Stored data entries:
# # #

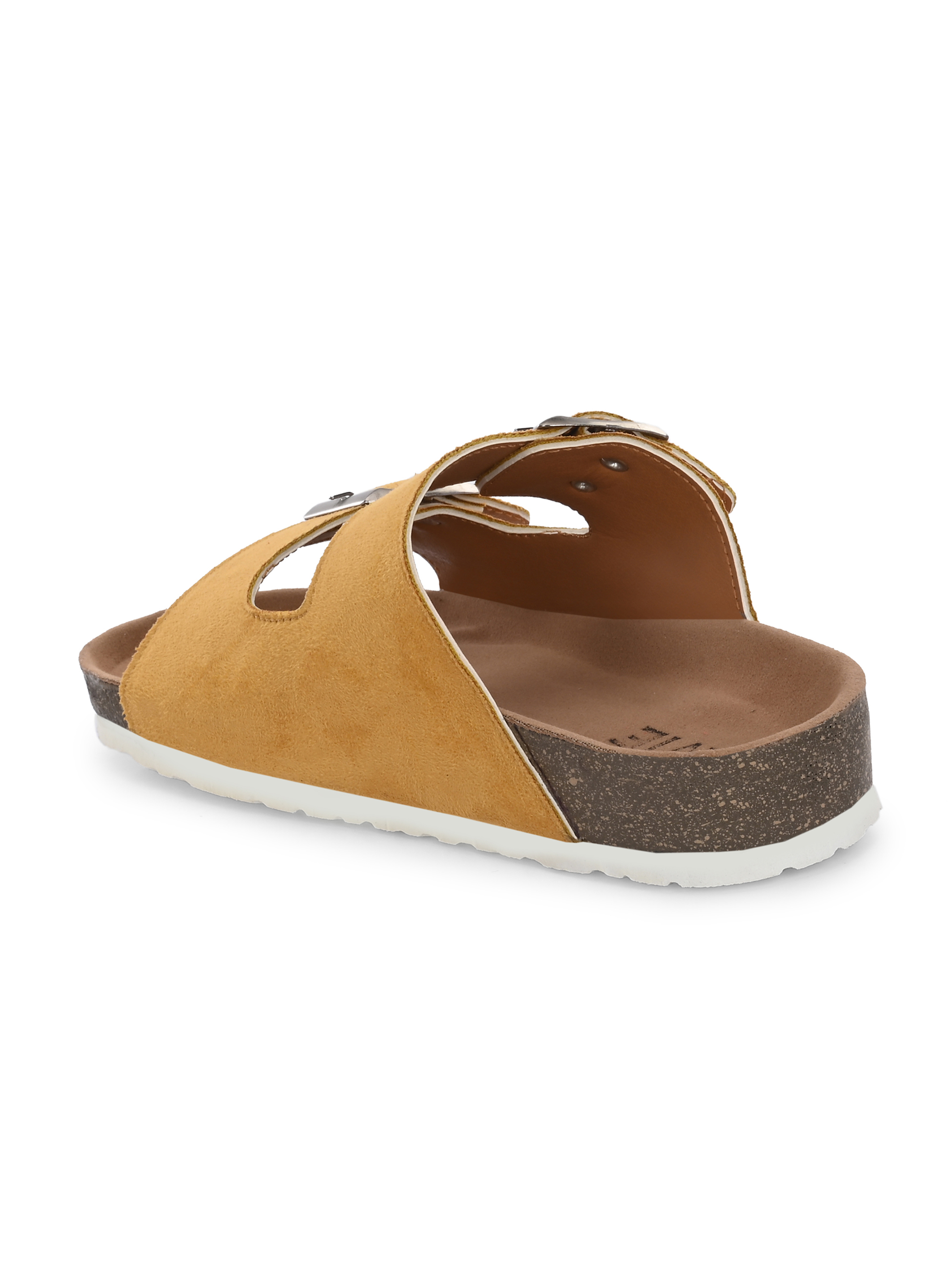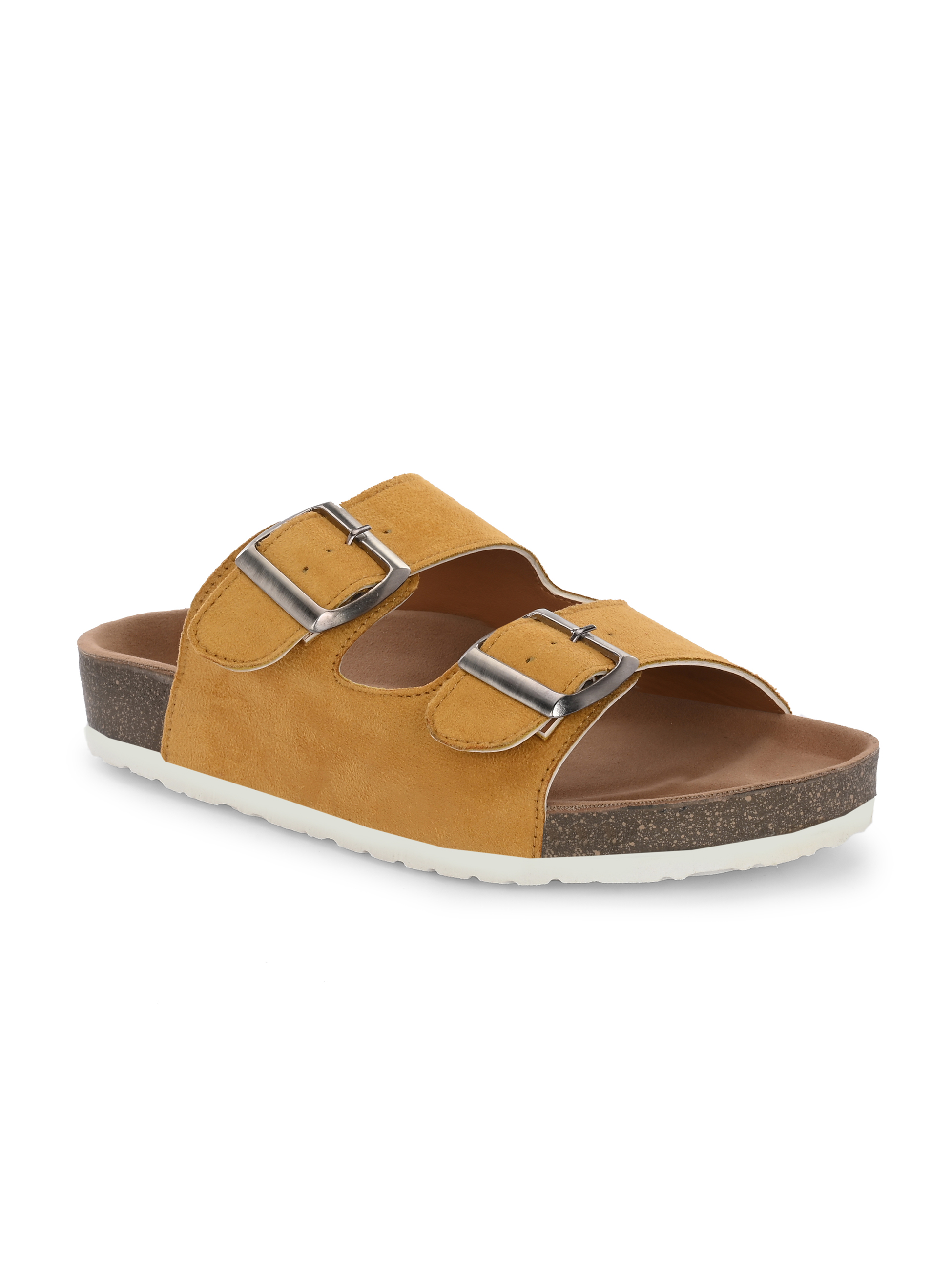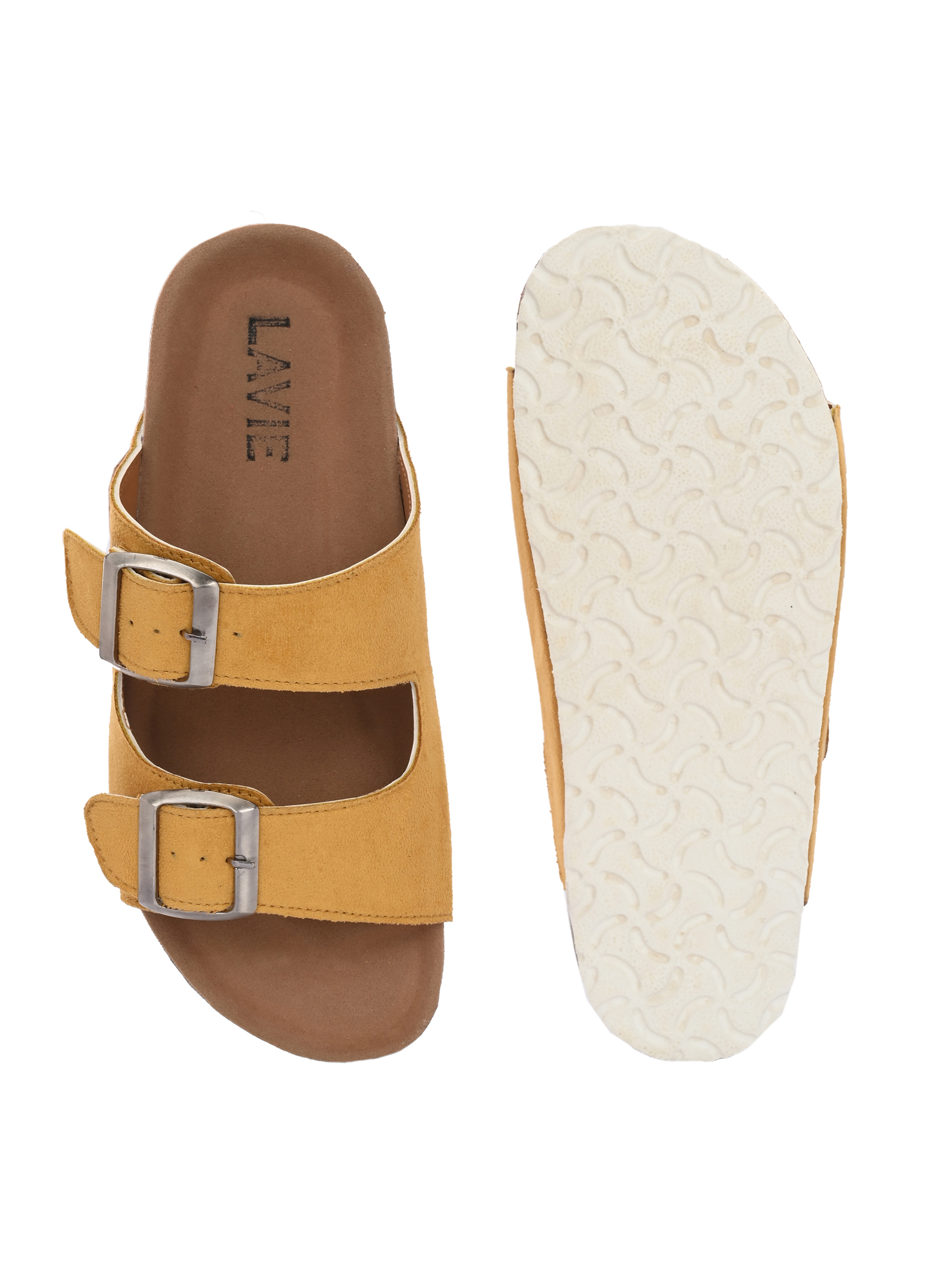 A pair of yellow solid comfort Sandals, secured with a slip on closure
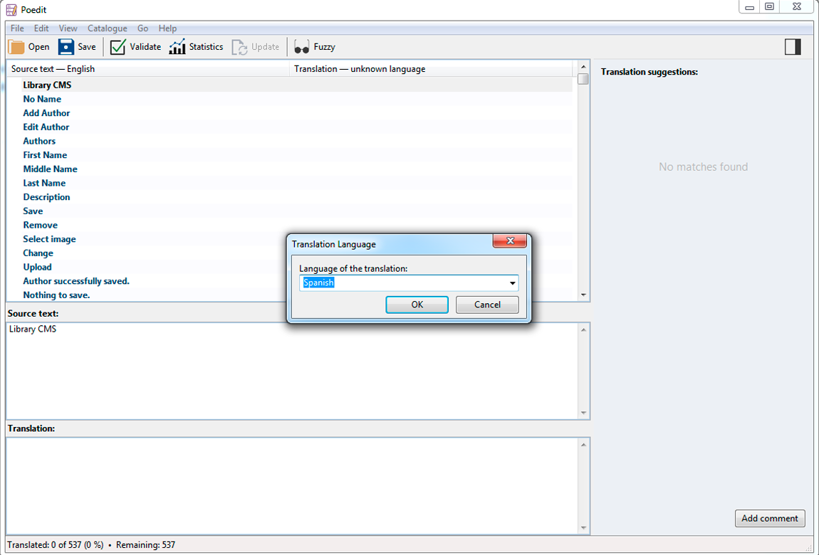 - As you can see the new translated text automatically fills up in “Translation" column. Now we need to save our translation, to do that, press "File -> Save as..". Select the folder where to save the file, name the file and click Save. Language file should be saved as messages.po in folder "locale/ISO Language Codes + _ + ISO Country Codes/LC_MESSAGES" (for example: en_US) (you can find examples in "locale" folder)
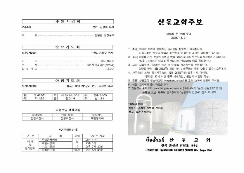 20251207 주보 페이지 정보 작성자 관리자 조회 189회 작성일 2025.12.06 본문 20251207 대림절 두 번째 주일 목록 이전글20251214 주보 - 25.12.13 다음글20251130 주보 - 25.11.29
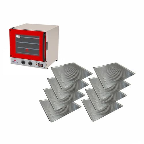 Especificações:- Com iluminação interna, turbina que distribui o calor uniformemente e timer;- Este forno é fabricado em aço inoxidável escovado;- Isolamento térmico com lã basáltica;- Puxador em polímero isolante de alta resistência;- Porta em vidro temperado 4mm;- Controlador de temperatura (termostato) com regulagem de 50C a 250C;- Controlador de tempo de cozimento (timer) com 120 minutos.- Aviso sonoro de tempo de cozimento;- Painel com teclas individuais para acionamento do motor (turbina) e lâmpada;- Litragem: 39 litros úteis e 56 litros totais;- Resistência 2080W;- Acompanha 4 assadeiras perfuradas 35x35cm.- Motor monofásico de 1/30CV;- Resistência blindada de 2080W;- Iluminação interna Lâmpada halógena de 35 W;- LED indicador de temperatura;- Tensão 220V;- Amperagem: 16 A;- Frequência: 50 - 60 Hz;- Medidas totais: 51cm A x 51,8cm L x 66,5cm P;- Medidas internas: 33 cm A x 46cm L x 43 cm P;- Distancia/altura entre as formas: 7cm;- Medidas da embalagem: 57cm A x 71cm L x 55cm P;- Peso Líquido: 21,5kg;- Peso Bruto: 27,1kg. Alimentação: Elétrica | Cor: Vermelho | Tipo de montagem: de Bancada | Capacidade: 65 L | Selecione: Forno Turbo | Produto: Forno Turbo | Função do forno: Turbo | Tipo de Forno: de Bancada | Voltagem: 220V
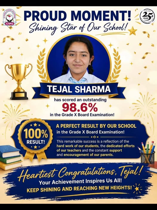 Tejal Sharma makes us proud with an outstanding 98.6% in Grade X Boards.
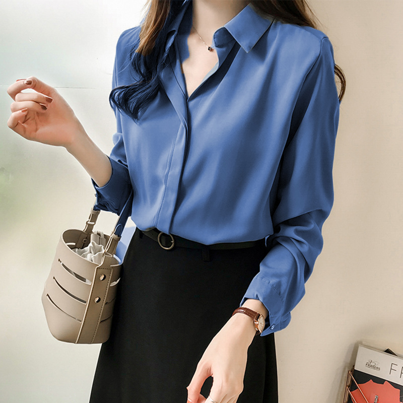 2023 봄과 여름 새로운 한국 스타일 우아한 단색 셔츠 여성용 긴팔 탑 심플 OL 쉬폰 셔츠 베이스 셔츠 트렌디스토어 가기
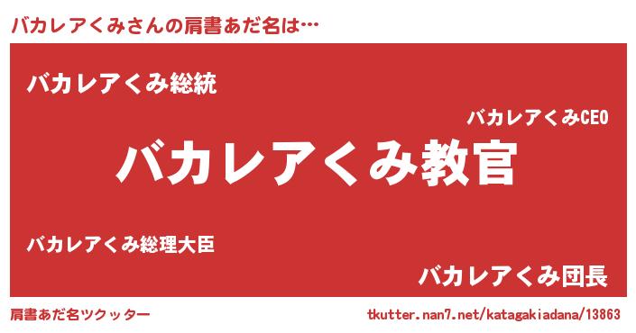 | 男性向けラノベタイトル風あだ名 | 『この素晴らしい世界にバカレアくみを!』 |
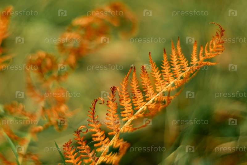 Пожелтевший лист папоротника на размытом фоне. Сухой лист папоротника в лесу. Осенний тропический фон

# # #

_Work required_. Copy the lines from the line that contains "男性向けラノベタイトル風あだ名 | 『この素晴らしい世界にバカレアくみを!』 |" through the end of the records, exactly and with nothing added; leave the pictures out.

_Response area_.
 | 男性向けラノベタイトル風あだ名 | 『この素晴らしい世界にバカレアくみを!』 |
 Пожелтевший лист папоротника на размытом фоне. Сухой лист папоротника в лесу. Осенний тропический фон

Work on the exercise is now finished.